You will note that the United States is among the best performers. Don’t you feel better now?
Spain, down 33%
10:20 a.m. More Home Sales: The National Association of Realtors announced that existing home sales rose last month. But no one thinks that is good news.
It appears the sales are being driven by desperate sellers, not venturesome buyers. The funny mortgages of yesteryear are forcing people out of their homes.
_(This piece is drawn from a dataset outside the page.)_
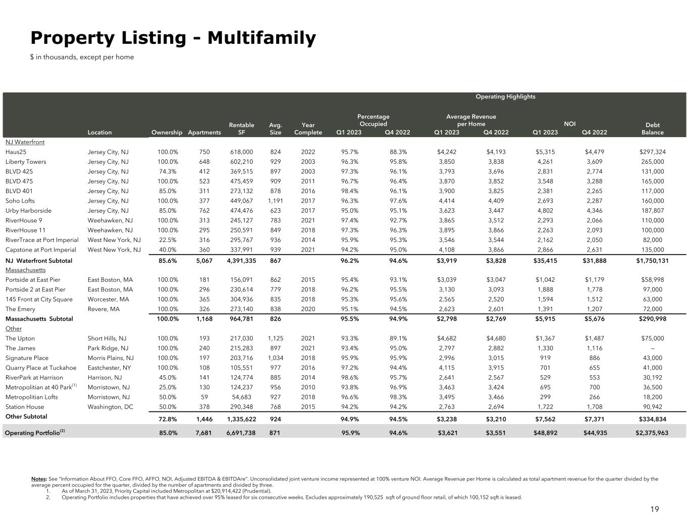Operating Highlights Rentable SF Avg. Size Year Complete Percentage Occupied Average Revenue per Home NOI Debt BalanceLocation Ownership Apartments Q1 2023 Q4 2022 Q1 2023 Q4 2022 Q1 2023 Q4 2022 NJ Waterfront Haus25 Jersey City, NJ 100.0% 750 618,000 824 2022 95.7% 88.3% $4,242 $4,193 $5,315 $4,479 $297,324 Liberty Towers Jersey City, NJ 100.0% 648 602,210 929 2003 96.3% 95.8% 3,850 3,838 4,261 3,609 265,000 BLVD 425 Jersey City, NJ 74.3% 412 369,515 897 2003 97.3% 96.1% 3,793 3,696 2,831 2,774 131,000 BLVD 475 Jersey City, NJ 100.0% 523 475,459 909 2011 96.7% 96.4% 3,870 3,852 3,548 3,288 165,000 BLVD 401 Jersey City, NJ 85.0% 311 273,132 878 2016 98.4% 96.1% 3,900 3,825 2,381 2,265 117,000 Soho Lofts Jersey City, NJ 100.0% 377 449,067 1,191 2017 96.3% 97.6% 4,414 4,409 2,693 2,287 160,000 Urby Harborside Jersey City, NJ 85.0% 762 474,476 623 2017 95.0% 95.1% 3,623 3,447 4,802 4,346 187,807 RiverHouse 9 Weehawken, NJ 100.0% 313 245,127 783 2021 97.4% 92.7% 3,865 3,512 2,293 2,066 110,000 RiverHouse 11 Weehawken, NJ 100.0% 295 250,591 849 2018 97.3% 96.3% 3,895 3,866 2,263 2,093 100,000 RiverTrace at Port Imperial West New York, NJ 22.5% 316 295,767 936 2014 95.9% 95.3% 3,546 3,544 2,162 2,050 82,000 Capstone at Port Imperial West New York, NJ 40.0% 360 337,991 939 2021 94.2% 95.0% 4,108 3,866 2,866 2,631 135,000 NJ Waterfront Subtotal 85.6% 5,067 4,391,335 867 96.2% 94.6% $3,919 $3,828 $35,415 $31,888 $1,750,131 Massachusetts Portside at East Pier East Boston, MA 100.0% 181 156,091 862 2015 95.4% 93.1% $3,039 $3,047 $1,042 $1,179 $58,998 Portside 2 at East Pier East Boston, MA 100.0% 296 230,614 779 2018 96.2% 95.5% 3,130 3,093 1,888 1,778 97,000 145 Front at City Square Worcester, MA 100.0% 365 304,936 835 2018 95.3% 95.6% 2,565 2,520 1,594 1,512 63,000 The Emery Revere, MA 100.0% 326 273,140 838 2020 95.1% 94.5% 2,623 2,601 1,391 1,207 72,000 Massachusetts Subtotal 100.0% 1,168 964,781 826 95.5% 94.9% $2,798 $2,769 $5,915 $5,676 $290,998 Other The Upton Short Hills, NJ 100.0% 193 217,030 1,125 2021 93.3% 89.1% $4,682 $4,680 $1,367 $1,487 $75,000 The James Park Ridge, NJ 100.0% 240 215,283 897 2021 93.4% 95.0% 2,797 2,882 1,330 1,116 — Signature Place Morris Plains, NJ 100.0% 197 203,716 1,034 2018 95.9% 95.9% 2,996 3,015 919 886 43,000 Quarry Place at Tuckahoe Eastchester, NY 100.0% 108 105,551 977 2016 97.2% 94.4% 4,115 3,915 701 655 41,000 RiverPark at Harrison Harrison, NJ 45.0% 141 124,774 885 2014 98.6% 95.7% 2,641 2,567 529 553 30,192 Metropolitian at 40 Park(1) Morristown, NJ 25.0% 130 124,237 956 2010 93.8% 96.9% 3,463 3,424 695 700 36,500 Metropolitian Lofts Morristown, NJ 50.0% 59 54,683 927 2018 96.6% 98.3% 3,495 3,466 299 266 18,200 Station House Washington, DC 50.0% 378 290,348 768 2015 94.2% 94.2% 2,763 2,694 1,722 1,708 90,942 Other Subtotal 72.8% 1,446 1,335,622 924 94.9% 94.5% $3,238 $3,210 $7,562 $7,371 $334,834 Operating Portfolio(2) 85.0% 7,681 6,691,738 871 95.9% 94.6% $3,621 $3,551 $48,892 $44,935 $2,375,963 Notes: See “Information About FFO, Core FFO, AFFO, NOI, Adjusted EBITDA & EBITDAre”. Unconsolidated joint venture income represented at 100% venture NOI. Average Revenue per Home is calculated as total apartment revenue for the quarter divided by the average percent occupied for the quarter, divided by the number of apartments and divided by three. 1. As of March 31, 2023, Priority Capital included Metropolitan at $20,914,422 (Prudential). 2. Operating Portfolio includes properties that have achieved over 95% leased for six consecutive weeks. Excludes approximately 190,525 sqft of ground floor retail, of which 100,152 sqft is leased. 19 Property Listing - Multifamily $ in thousands, except per home perating Portfolio(2) 85.0 7,681 6,691,738 871 95.9 94.6 $3,621 $3,551 $48,892 $44,935 $2,375,963

10:00 a.m. Why?: Here are two hypotheses on what is happening.
1. The world is finally waking up to just how bad it is, and that earnings are going to fall everywhere. Only a couple of weeks ago, some people were claiming the S.&P. 500 was trading at 12 times the next year’s earnings, even if it was around 18 times trailing earnings.
If that is the problem, then this could be nearing an end, and this panic could really mark the bottom. (Fair warning: I’ve spotted bottoms before during this bust, and been ever so wrong.)
2. This is the hedge fund devastation, as overleveraged hedge funds are forced to sell by falling prices, and then are forced to sell more because they drive prices even lower.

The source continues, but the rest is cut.